The Instaclustr engineering team has written in depth on both the Kafka Connect Iceberg Sink Connector and Iceberg Topics if you’re ready to go further. Want to build this pipeline without managing the infrastructure yourself? Instaclustr offers fully managed Kafka, Kafka Connect, and ClickHouse with production SLAs and 24×7 expert support. Start a free trial or talk to an expert to get your data lake running in minutes.
Frequently Asked Questions
How to stream Kafka events to S3
In this walkthrough, Kafka events are streamed to S3 by using the Kafka Connect Iceberg sink. Kafka Connect consumes records from the user-events topic and writes them into an Iceberg table stored in S3.
What is Apache Iceberg used for?
Apache Iceberg is used to add a table layer on top of files in S3. It tracks schema, metadata, partitions, and snapshots so query engines can work with the data as a table instead of a loose set of raw files.
How to configure Kafka Connect Iceberg sink?
You configure it by creating an Iceberg table first, building and uploading the connector, setting IAM permissions, creating the control topic, and then posting the connector configuration to the Kafka Connect REST API with the Glue catalog, warehouse path, topic, and security settings.
How to query S3 data in real time?
In this setup, ClickHouse queries the Iceberg table directly from S3 using the iceberg() function.
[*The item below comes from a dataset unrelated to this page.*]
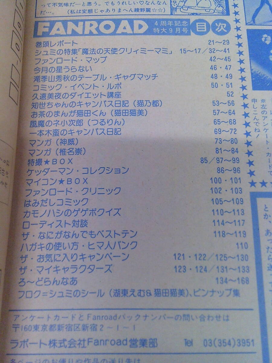 X82【ファンロード/1984年9月号】魔法の天使クリィミーマミ 原田知世 ジャッキーチェン 薬師丸ひろ子

It reads Iceberg metadata first, then fetches only the files needed for the query.
Why use Kafka Connect instead of a Python consumer?
Kafka Connect handles distributed execution, offset management, worker failover, and operational reliability. A custom script may work for development, but Kafka Connect is designed to run the pipeline in production.
How to connect Kafka to Clickhouse?
In this design, Kafka is connected to ClickHouse indirectly through Iceberg. Events flow from Kafka into Iceberg on S3 through Kafka Connect, and ClickHouse then queries the Iceberg table directly.